Asian Development Bank

MoneyBestPal Team
A multilateral development financing institution dedicated to reduce poverty in Asia and the Pacific.

The Asian Development Bank (ADB) is a global agency that provides development funding with the goal of eradicating poverty in Asia and the Pacific. By offering financing and technical help for various development efforts, ADB attempts to raise the quality of people's lives.

ADB was founded in 1966 and has 68 members, 49 of whom are from the area. ADB has 31 field offices and four representative offices worldwide in addition to its headquarters in Manila, Philippines. Masatsugu Asakawa, who took over as ADB president in January 2020, is in charge.

Policy dialogue, loans, equity investments, grants, guarantees, technical support, and co-financing are the major tools used by ADB to aid its developing member countries.
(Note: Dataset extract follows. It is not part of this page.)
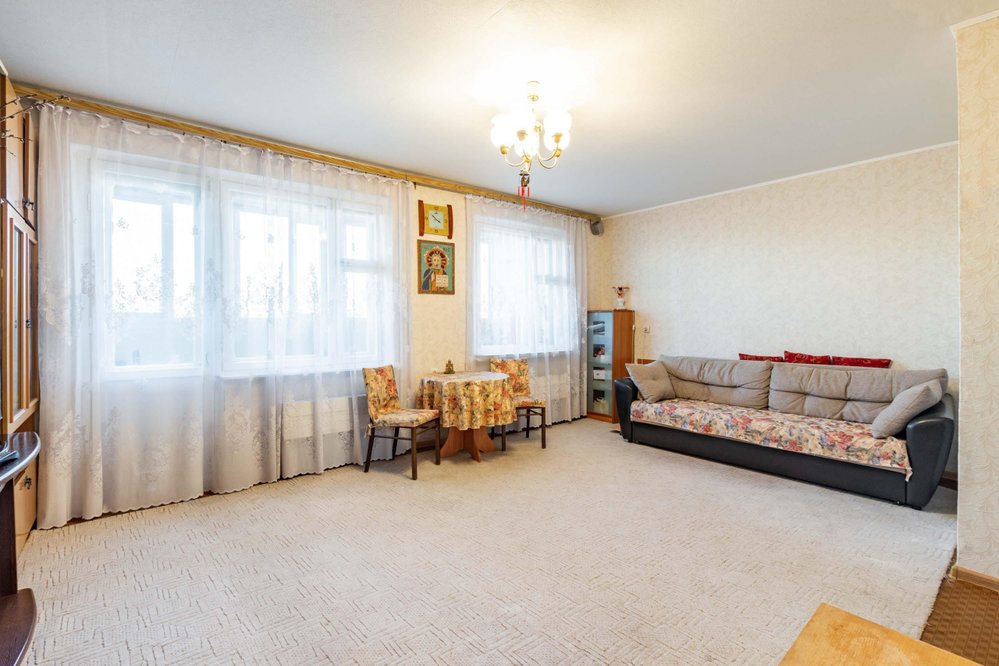 Продается трехкомнатная уютная, теплая квартира с просторной прихожей, улучшенной планировки в кирпичном доме. Две застекленные полулоджии на разные стороны, две вместительные кладовые. На полу во всей квартире линолеум, в коридоре, кухне и одной комнате натяжные потолки, в кухне и одной комнате стеклопакеты. Остается мебель: шкаф-купе, кровать полутороспальная, диван, угловой шкаф, кухонный гарнитур, комбинированная плита, газовые комфорки, электрическая духовка, вытяжка, посудомоечная машина BOSH. Дом расположен в зеленом микрорайоне, удален от проезжей части, двор оборудован детской площадкой, вокруг дома достаточно парковочных мест. Вся инфраструктура в шаговой доступности, магазины, аптеки, школы, детские сады, остановки транспорта (трамваи, автобусы, троллейбусы), 10 минут шагом до станции МЕТРО Чкаловская, Геологическая.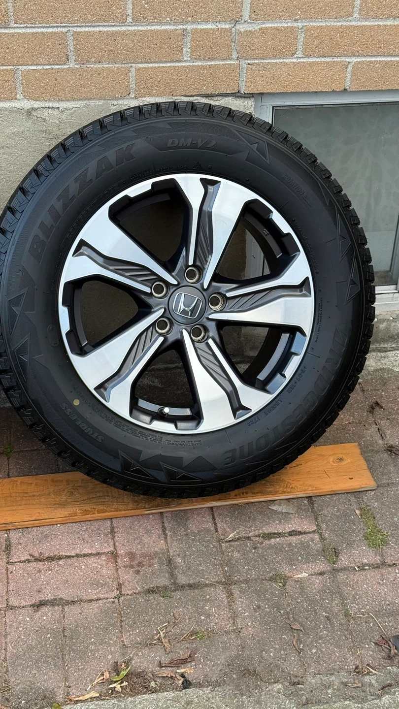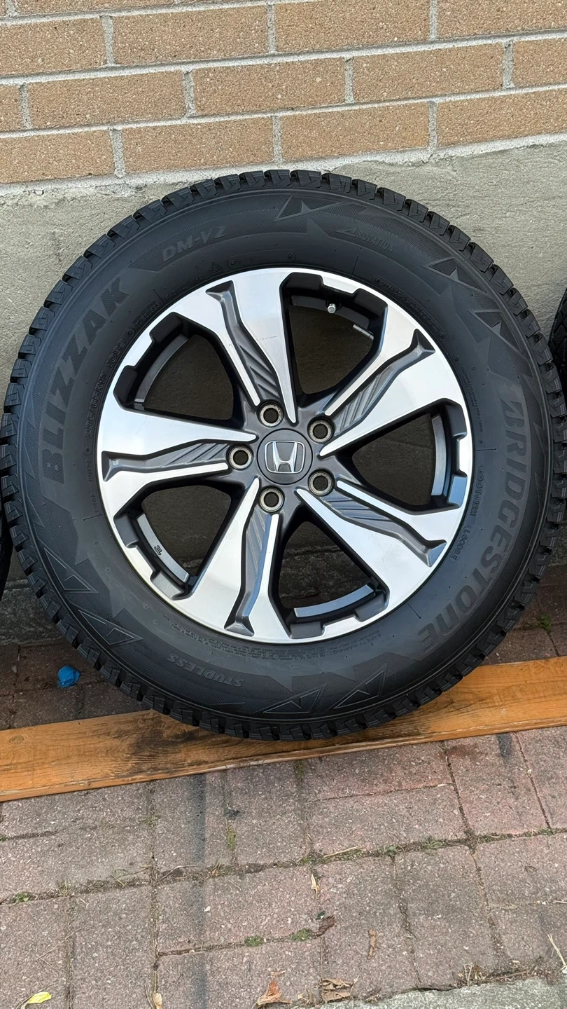 235/65R17 Selling a set of four Honda rims, complete with Bridgestone Blizzak tires. They're in great shape and ready to be put to good use this winter season!

ADB also raises money from commercial sources and offers bonds on global capital markets. ADB provided $31.6 billion in financial resources in 2020 to aid in its members' response to the COVID-19 epidemic and recovery activities.

ADB's operations are governed by its long-term vision of an Asia and the Pacific region that is wealthy, inclusive, resilient, and sustainable while continuing its fight against extreme poverty. Seven operational priorities identified by ADB's Strategy 2030 are in line with the Paris Climate Agreement and the Sustainable Development Goals. Making cities more livable; advancing rural development and food security; reducing remaining poverty and inequalities; quickening the progress of gender equality; combating climate change; building climate and disaster resilience; enhancing environmental sustainability; strengthening governance and institutional capacity; and fostering regional cooperation and integration.

Agriculture and food security, climate change, digital technology, education, energy, the environment, the financial sector, fragility and vulnerability, gender equality, governance, health, public-private partnerships (PPP), regional cooperation, social development, transport, urban development, and water are just a few of the areas where ADB supports projects. Some examples of ADB's flagship projects are:
  • The Greater Mekong Sub-region (GMS) Program includes Cambodia, the People's Republic of China (more specifically, Yunnan Province and Guangxi Zhuang Autonomous Region), the Lao People's Democratic Republic (Lao PDR), Myanmar, Thailand, and Viet Nam. With better connectivity and infrastructural development, the program seeks to improve economic ties between the nations. The program has sponsored more than 400 projects totaling more than $23 billion since its start in 1992.
  • The Central Asia Regional Economic Cooperation (CAREC) Program includes Afghanistan, Azerbaijan, Georgia, Kazakhstan, Kyrgyz Republic, Mongolia, Pakistan, Tajikistan, Turkmenistan, and Uzbekistan. The program focuses on four major areas: transportation, trade facilitation, energy, and the creation of economic corridors. The program has sponsored more than 200 projects totaling over $39 billion since its start in 2001.
  • The South Asia Sub-regional Economic Cooperation (SASEC) Program includes Bangladesh, Bhutan, India (particularly the state of Bihar), the Maldives, Nepal, and Sri Lanka. With better cross-border connectivity, increased commerce among member nations, higher energy security, and strengthened regional institutions, the initiative seeks to advance regional prosperity. The program has sponsored more than 60 projects totaling over $13 billion since its start in 2001.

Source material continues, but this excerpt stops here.